迷宮喫茶の秘密 前編

 クリスマスが過ぎ、年末進行の荒波からやっと切り抜けられた私は、約束通り多岐川さんにランチをごちそうしていた。

 その日は久々においしいラーメンを食べようということで、魚介だしが有名なラーメン屋で、あさりラーメンをすすっていた。


「あー……やっぱりたまに食べたくなるんだよねえ、こういう味」

「本当に。こんなあっさりしながらもコクのあるラーメンなんて、家だとつくれませんもんねえ」

「さすがに一日仕事になったらねえ……それで、クリスマス上手く行ったの?」

「あはは……おかげさまで。あと、これお礼の品です」


 私が差し出した包みは、シュトーレンがふた切れ入っていた。それを受け取った多岐川さんは「へえ!」と笑みを浮かべた。


「あそこの喫茶店の?」

「はい」

「へえ! あそこのご飯なんて多分私は食べられないだろうなあと思っていたから、食べれるなんて思ってもみなかった! ありがとう、これ午後の休憩時間にコーヒーと一緒にいただくわ」

「どうぞー」


 ものすごく喜んでくれた多岐川さんに、私もにこにことする。

 実際に、これはしばらく私の朝ご飯だ。コーヒーとシュトーレンひと切れ、バナナで朝を切り抜けている。一応シュトーレンは保存食でパンなんだから、なにも間違ってはいないはず。多分。

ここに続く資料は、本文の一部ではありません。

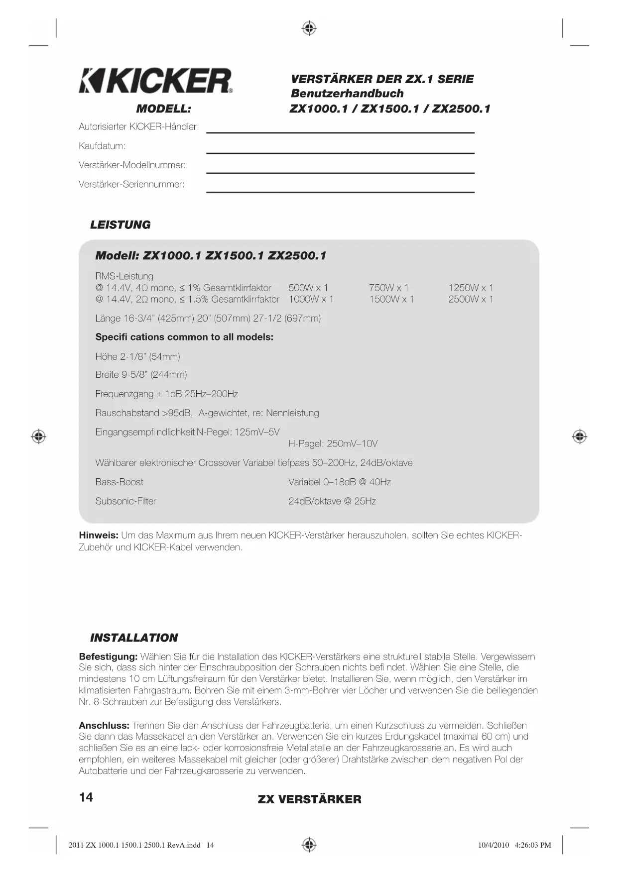 Prüfen Sie die Verstärkungseinstellungen und reduzieren Sie diese ggf. Verringerte Basswiedergabe? Wechseln Sie einen Lautsprecheranschluss an den Stereo-/Subwooferkanälen von Positiv zu Negativ; wenn der Bass nun besser klingt, war der Lautsprecher phasenverschoben. Störung durch Erdung? KICKER-Verstärker sind mit den Autoradios aller Hersteller kompatibel. Manche Autoradios erfordern eventuell weitere Erdung, um Störungen am Audiosignal zu verhindern. Wenn Sie Probleme mit dem Autoradio haben, reicht es meist, ein Massekabel von den RCA-Ausgängen am Autoradio zur Karosserie zu verlegen. Hinweis: Moderne Hochleistungslautsprecher haben einen geringeren Gleichstrom-Widerstand, als dies früher der Fall war. Die KICKER Koaxial- und Komponentenlautsprecher haben eine Impedanz von 4 Ohm (manche Gleichspannungs-Widerstände können auch nur 3 Ohm betragen) und können mit jedem Verstärker zusammenarbeiten, der auf 4 Ohm ausgelegt ist. Wenn Sie zwei KICKER Koaxial- oder Komponentenlautsprecher an einem Kanal Ihres Lautsprechers verwenden wollen, müssen Sie diese in Reihe schalten. Dies verbessert die Soundqualität, verringert den Klirrfaktor und verringert die Wärmebelastung am Verstärker. Dies kann verhindern, dass sich der Verstärker aufgrund einer Überlastschaltung ausschaltet. 2011 ZX 1000.1 1500.1 2500.1 RevA.indd 182011 ZX 1000.1 1500.1 2500.1 RevA.indd 18 10/4/2010 4:26:05 PM10/4/2010 4:26:05 PM19 ACHTUNG: Wenn Sie das Auto mit Starthilfekabel starten, müssen Sie sicherstellen, dass die Kabel korrekt angeschlossen sind. Falsche Anschlüsse können zu einem Durchbrennen der Verstärkersicherung und einem Ausfall anderer wichtiger Systeme im Fahrzeug führen. Wenn Sie weitere Fragen zur Installation oder zum Betrieb Ihres neuen KICKER-Produkts haben, setzen Sie sich bitte mit Ihrem autorisierten KICKER-Fachhändler in Verbindung. Weitere Installationshinweise fi nden Sie, indem Sie auf der KICKER-Startseite (www.kicker.com) auf die Registerkarte SUPPORT klicken. Wählen Sie das Register TECHNICAL SUPPORT und dann das gewünschte Thema, um die entsprechenden Informationen anzuzeigen oder herunterzuladen. Wenn Sie spezifi sche oder nicht beantwortete Fragen haben, erreichen Sie den Kundendienst unter support@kicker.com oder telefonisch unter +1 (405) 624-8583. ZX1000.1 500 x 1 @ 4 ohms, 14.4V GS, 1% Klirrfaktor, CEA-2006 (Watts) Rauschabstand -62dB CEA-2006 (ref: 1W, A-gewichtet) ZX1500.1 750 x 1 @ 4 ohms, 14.4V GS, 1% Klirrfaktor, CEA-2006 (Watts) Rauschabstand -55dB CEA-2006 (ref: 1W, A-gewichtet) ZX2500.1 1500 x 1 @ 4 ohms, 14.4V GS, 1% Klirrfaktor, CEA-2006 (Watts) Rauschabstand -65dB CEA-2006 (ref: 1W, A-gewichtet) 2011 ZX 1000.1 1500.1 2500.1 RevA.indd 192011 ZX 1000.1 1500.1 2500.1 RevA.indd 19 10/4/2010 4:26:05 PM10/4/2010 4:26:05 PM20 AMPLIFICATEUR ZX Modèle: ZX1000.1 ZX1500.1 ZX2500.1 Puissance Effi cace @ 14.4V, 4Ω mono, 1% THD+N @ 14.4V, 2Ω mono, 1.5% THD+N 500W x 1 1000W x 1 750W x 1 1500W x 1 1250W x 1 2500W x 1 Longueur 16-3/4” (425mm) 20” (507mm) 27-1/2 (697mm) Spécifi cations communes à tous les modèles : Hauteur 2-1/8” (54mm) Largeur 9-5/8” (244mm) Réponse en Fréquence ± 1dB 25Hz–200Hz Rapport Signal sur Bruit >95dB, une puissance nominale Sensibilité d’Entrée Bas niveau: 125mV–5V Haut niveau: 250mV–10V Filtre Électronique Sélectionnable Passe-bas variable de 50–200Hz, 24dB/octave Amplifi cation des Graves Variable 0–18dB @ 40Hz Filtre Subsonique 24dB/octave @ 25Hz AMPLIFICATEUR SÉRIE ZX.1 Manuel d’utilisation INSTALLATION Montage: Choisissez un emplacement de structure saine pour monter votre amplifi cateur KICKER. Assurez- vous que l’arrière de l’emplacement où vous allez enfoncer les vis ne comporte aucun élément. Choisissez un endroit assurant au moins 10 cm (4 po) de dégagement de ventilation ouverte pour l’amplifi cateur. Si possible, montez l’amplifi cateur dans l’habitacle passager climatisé. Percez quatre trous à l’aide d’un foret de 3 mm (7/64 po) et utilisez les vis nº 8 fournies pour monter l’amplifi cateur. Câblage: Débranchez la batterie du véhicule pour éviter un court-circuit. Ensuite, raccordez le fi l de masse à l’amplifi cateur. Le fi l de masse doit être le plus court possible, de 60 cm (24 po) maximum. Raccordez-le à une partie métallique solide du châssis du véhicule, ne comportant ni peinture ni rouille. Il est recommandé d’ajouter un fi l de masse supplémentaire de même calibre (ou de calibre supérieur) entre la borne négative de la batterie et le châssis du véhicule. PERFORMANCES Revendeur agréé KICKER : Date d’achat : Numéro de modèle de l’amplifi cateur : Numéro de série de l’amplifi cateur : Remarque : Pour optimiser les performances de votre nouvel amplifi cateur KICKER, il est conseillé d’utiliser des accessoires et des câbles KICKER d’origine.
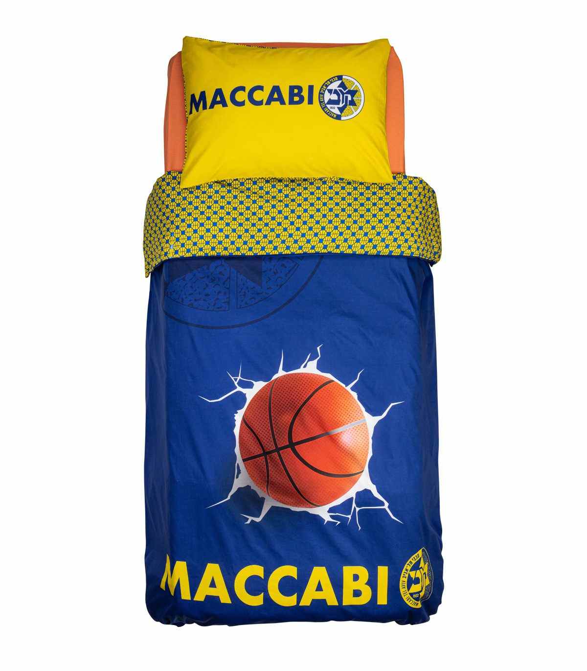 סט מצעים כחול לוגו מכבי הדפס של כדור מיטת יחיד 120/200

 泉さんと私の関係がなんなのかは、相変わらずよくわからない。

 少なくとも、泉さんが店長としてではなく、泉さんとして交流してくれる気になったことだけはたしかだとは思うけれど。今の居心地のいい関係を崩したくなくて、その関係は未だに名前が付いていない。

 私がにこにことしながらラーメンをすすり終えている中、あさりの旨味たっぷりのスープをすすりつつ、多岐川さんが言う。


「まあ、仲がいいのはいいんじゃないかな」

「本当になにからなにまでありがとうございます、多岐川さん」

「いやいや。私、本当になんにもしてないから。でもこういう話ってちょっとだけ羨ましいなと思っただけだから」

「そう……なんですかね?」

「いやあ……だって、それって純愛じゃない。婚活がはじまったら、もう結婚相手に求めるものをあれこれ並べないと不安で不安でしょうがなくなるもの。どんなに好きでも、お金とか実家とか、そういうものが見えてくるもの。ポイント減点形式で、本当に簡単にゼロになるから、そこでどんどん自己嫌悪に陥るの。そういう打算全くなしのものができるのは、私はかなり羨ましい」


 そう力説されてしまい、私自身そこまで本当に考えが至っていなかったことに気付いた。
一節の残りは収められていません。